Pues bien, una vez en la fila de sillas, no se percató de que de tiempo en tiempo pasaba una enfermera con un frasquito de colirio midriático 65 aplicando una gota en cada ojo de cada paciente. Distraído y aburrido como estaba, el cadete en cuestión solo sintió cuando su cuello fue extendido hacia atrás y una gota ardientosa cayó en su ojo derecho. Reaccionó de inmediato molesto y pidiendo una explicación. Una vez que le fue dada, se alejó enjugándose con un nevado pañuelo las lágrimas producidas por el ardor del fármaco… Habría transcurrido una media hora cuando comenzó a sentirse raro, mareado y descompuesto. Se asustó mucho frente a un enemigo desconocido al que no podía ver; él, tan saludable como suponía que era. Alguien le sugirió que se dirigiera a la Emergencia del Hospital porque podía ser algo serio.

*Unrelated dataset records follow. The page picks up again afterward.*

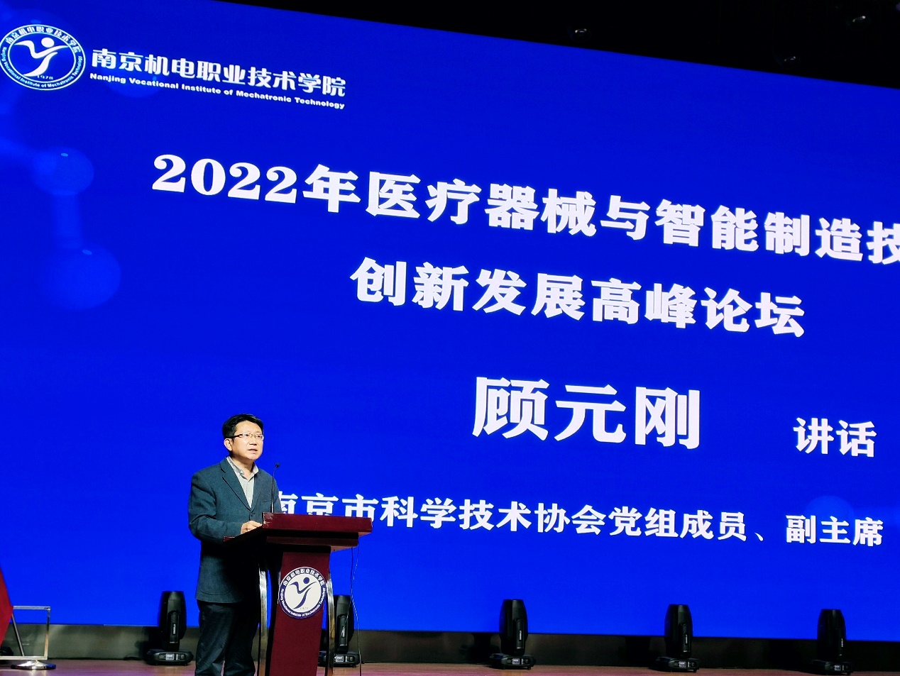 顾元刚介绍了第十四届南京青年学术年会办会宗旨,以“展现青年使命担当,投身科技自立自强”为主题,围绕我市引领性国家创新型城市的建设目标,通过举办一系列内容丰富、形式多样的学术交流活动,大力营造创新发展的学术氛围和社会氛围,不断激发青年科技工作者的创新热情和创新自信,为南京建设社会主义现代化典范城市贡献青春智慧和青春力量。顾主席表示,本次论坛是南京机电学院等单位主动作为,积极投身医疗器械科技进步,科技创新的积极举措,必将助力创新思维提升、工程能力培养,为高淳区乃至全市医疗器械和智能制造的技术创新起到积极的推动作用。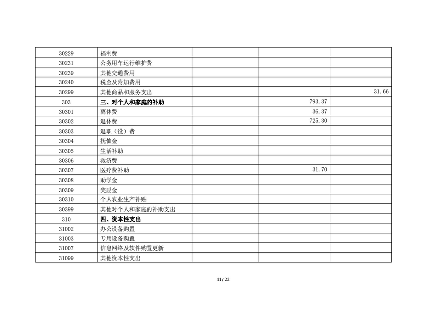 人员经费793.37万元,包括离休费36.37万元、退休费725.30万元、退休人员医疗补助31.70万元。
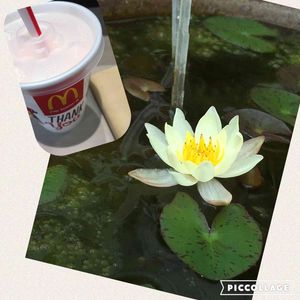 うひょ〜今日も暑い〜😲 夏休みの連休中な園芸店の前にあった姫睡蓮が寂しそうに咲いていた〜 見てくれる人が少なくて残念ね😢 5〜6cmのお花が爽やかで可愛い💕 じっくり見ていたら横には蕾もあった〜♪ そして暑いからピーチシェイク🍑飲んじゃった😁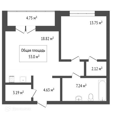 Общая площадь 52.5 м2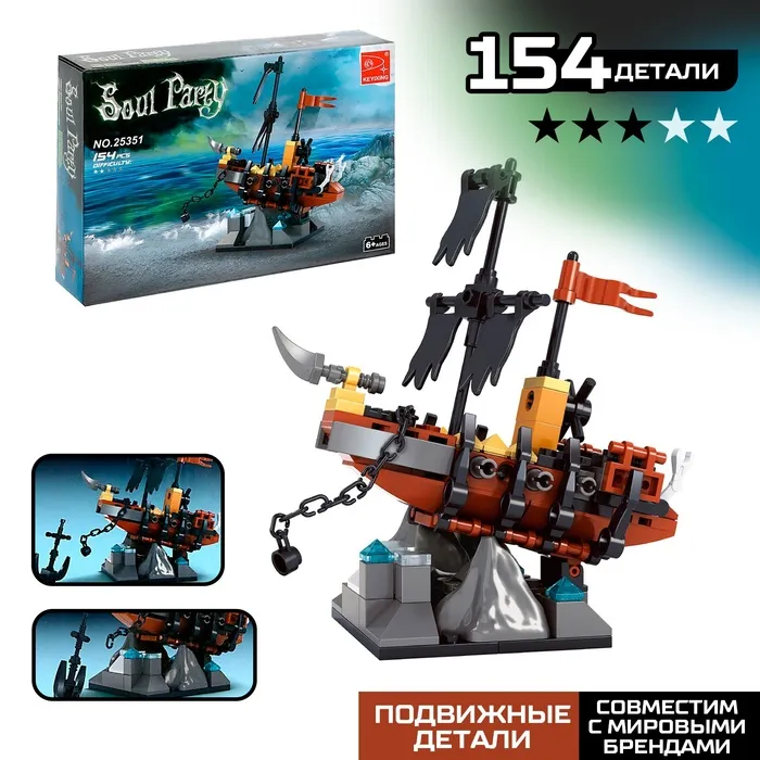 Конструктор Пираты «Фрегат на рифе», 154 детали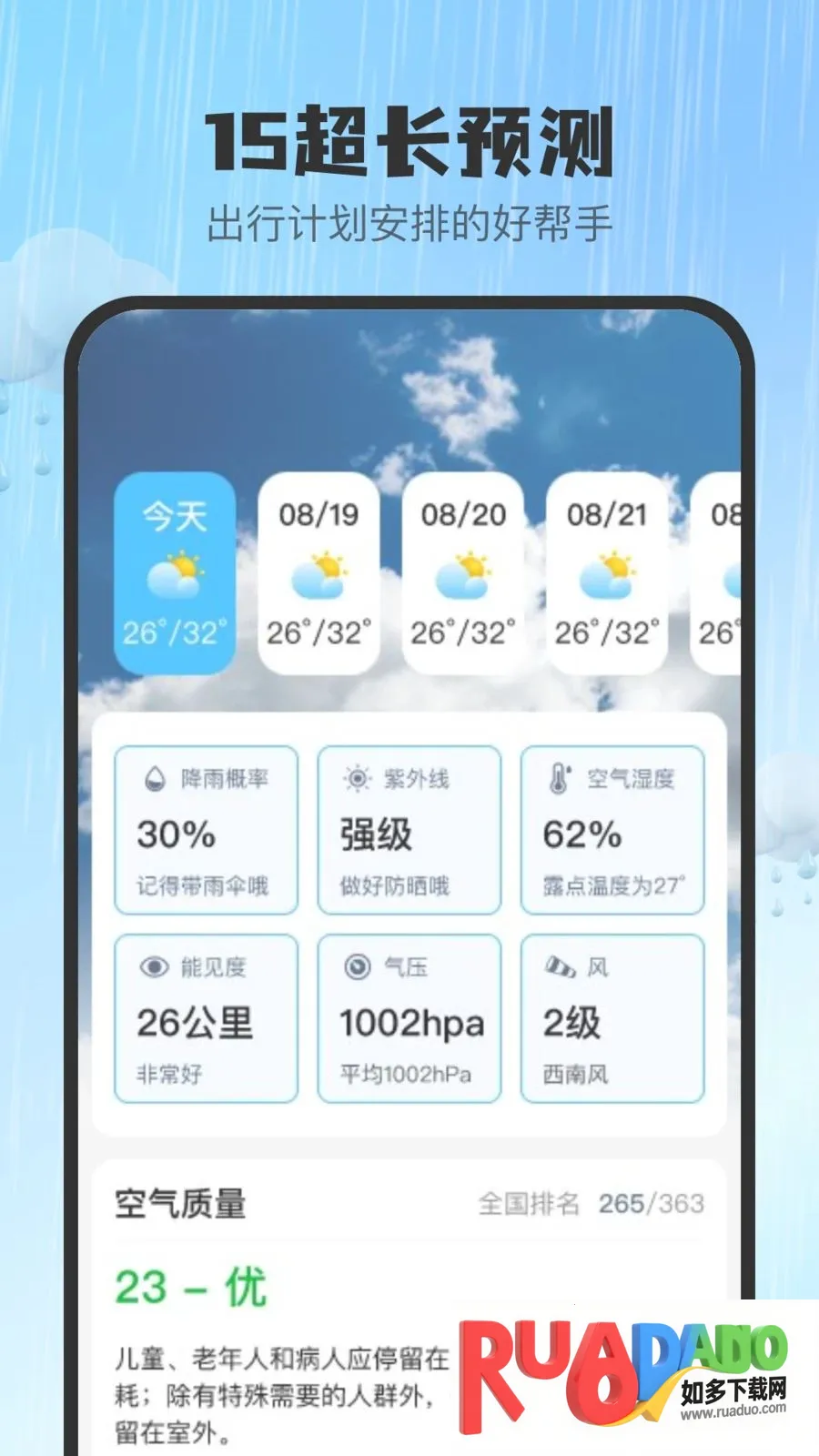 3. 具备15日天气预测,方便提前规划出行安排。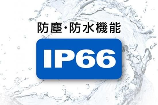 IP66準拠、耐落下2m。防塵:IP6X(完全な防塵構造) 防水:IPX6(あらゆる方向からの噴流水による有害な影響がないレベル)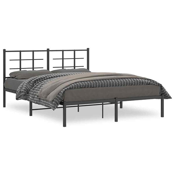 vidaXL Sängram med huvudgavel metall svart 150x200 cm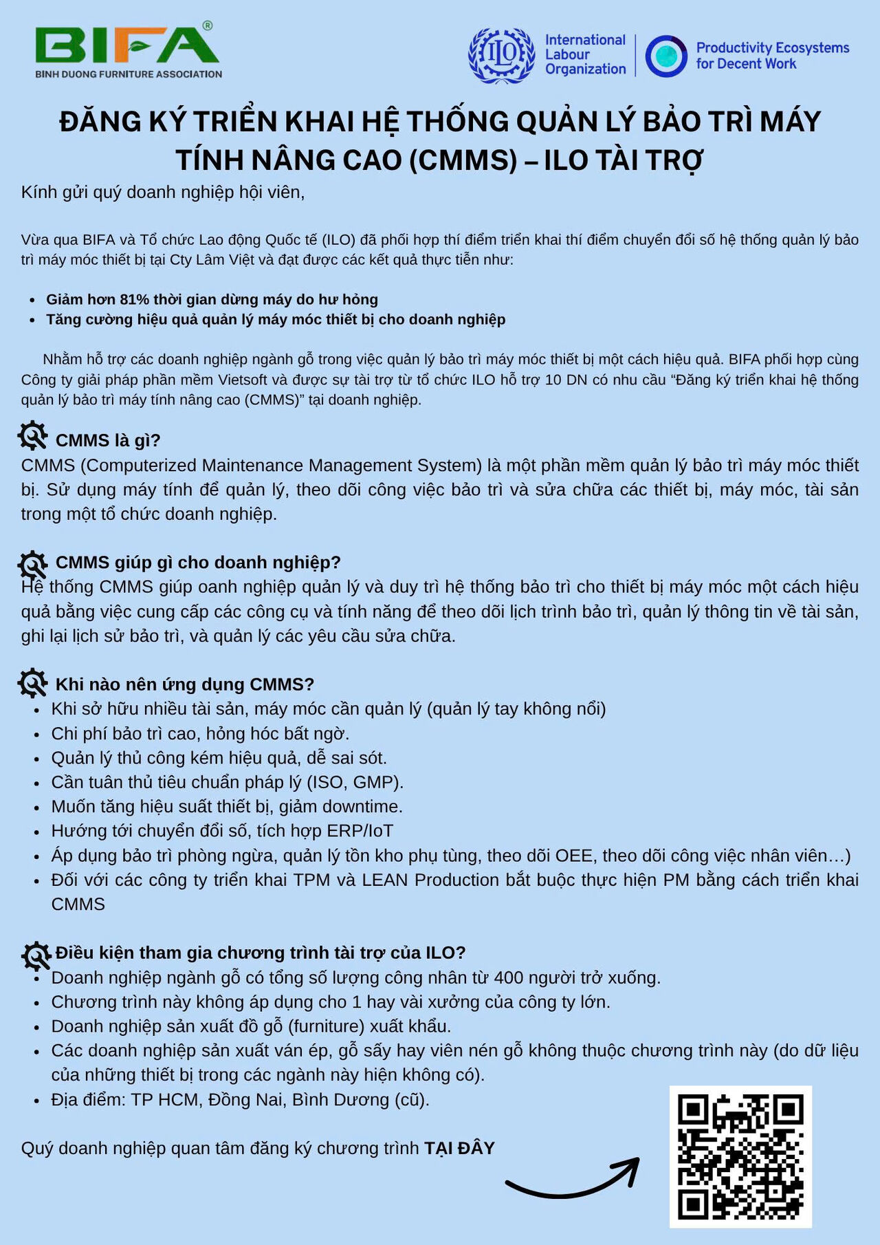 The Binh Duong Furniture Association (BIFA), in collaboration with the International Labour Organization (ILO) and Vietsoft Software Solutions Company, is excited to announce a new opportunity for wood industry enterprises. Following a successful pilot implementation at Lâm Việt Company, we are now offering 10 enterprises the chance to implement a digitized Computerized Maintenance Management System (CMMS) with full sponsorship from the ILO.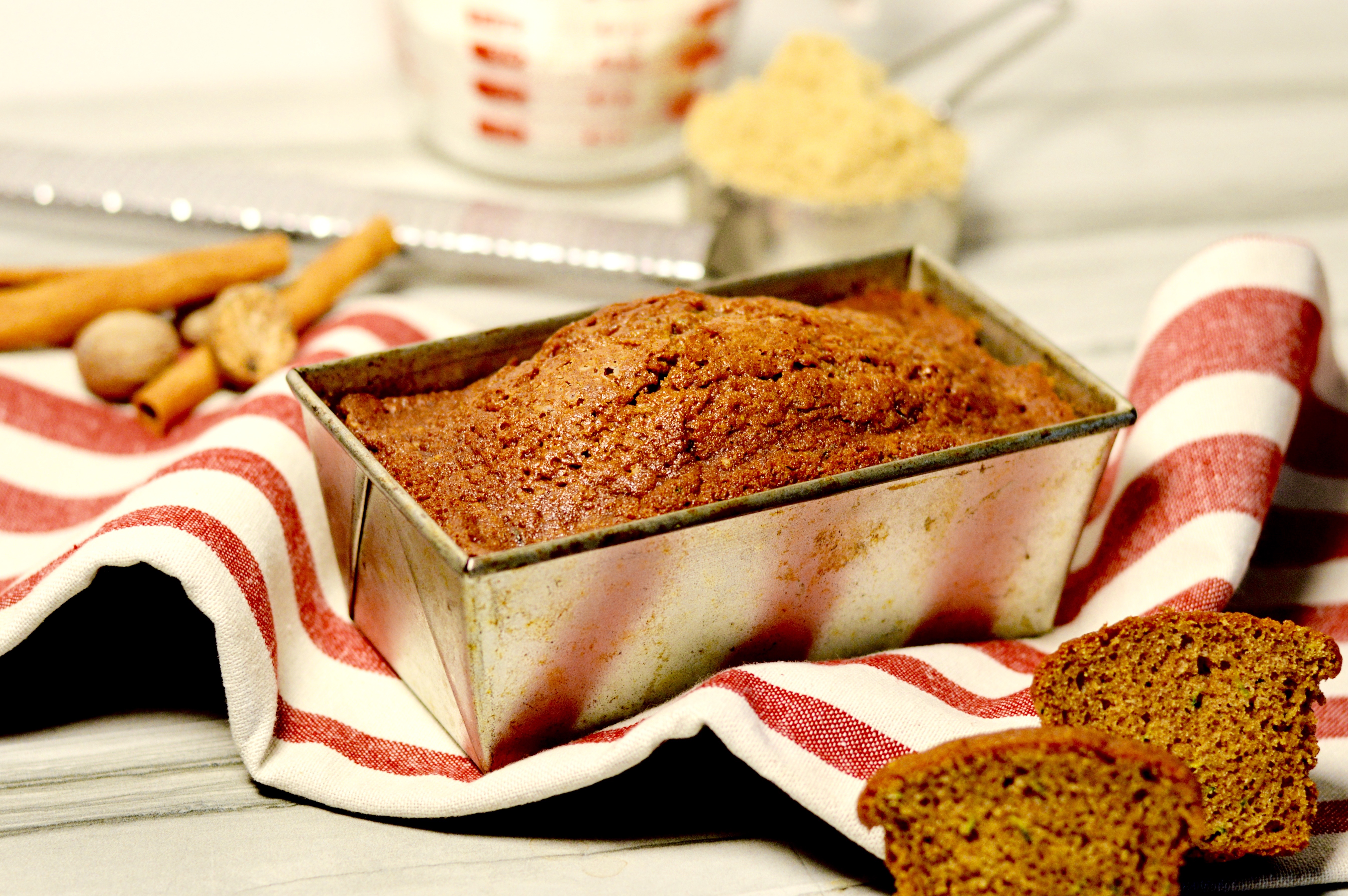 Every year my mom, aunt and grandma would gather during the holidays and have a baking/candy making extravaganza! It was a sight to behold and the sheer volume of their goods was enough to feed an army. The yield from this day known only as “Candy Making” has been a staple in my holiday life since I can remember. I will be writing more about this closer to the holidays and will be going deep into the generations old tradition then. For now, I had zucchini that needed using and decided to make some bread! The recipe I used is similar but, I used brown sugar and more spices. I think my grated zucchini ratio is higher as well.

Allí llegó pálido, desencajado, con saltos en el pecho, muy frío y asustado. Un residente de neurocirugía, de esos llamados “gatillo alegre”, que tantas veces merodean en esos predios, que no hacen del pensar un ejercicio intelectual sino que la acción es su divisa, sin mucha indagación ni explicación le metió tremendo puyazo en la región lumbar para practicarle una punción sospechando un sangrado subaracnoideo 66; pero, para su sorpresa, el líquido cefalorraquídeo era límpido, incoloro y con aspecto de “agua de roca”…
-“¡Caramba! -se preguntó rascando su cabeza con un dedo – ¿Cómo puede ser que con un sangrado subaracnoideo el líquido sea tan claro, agua de roca?”
La punción lumbar, a más de estar contraindicada en presencia de una pupila dilatada por la posibilidad de inducir una hernia intracraneal transtentorial o descenso de las amígdalas cerebelosas había sido una conducta censurable; su ligereza le mereció una seria reprimenda por parte del neurocirujano superior que ante el desaguisado, optó por llamar de inmediato al oftalmólogo de guardia. Mi alumna se acercó a aquel conjunto de lividez y temblor incontrolable, y al ver aquella pupila en extremo dilatada le preguntó sin dudar…
–“Cadete, tenga la bondad, ¿Recientemente le han aplicado algún colirio en este ojo…?” Era esa la pregunta que cabía precisamente, antes y después…
65 Los agentes o colirios midriáticos son sustancias que producen dilatación de la pupila.
66 La hemorragia subaracnoidea espontánea se define como la salida de sangre al espacio subaracnoideo, sin relación con trauma craneoencefálico, no es raro que corresponda a la ruptura de un aneurisma intracraneal y la cefalea es uno de sus primeros síntomas. En esas circunstancias de líquido cefalorraquídeo suele estar teñido de rojo.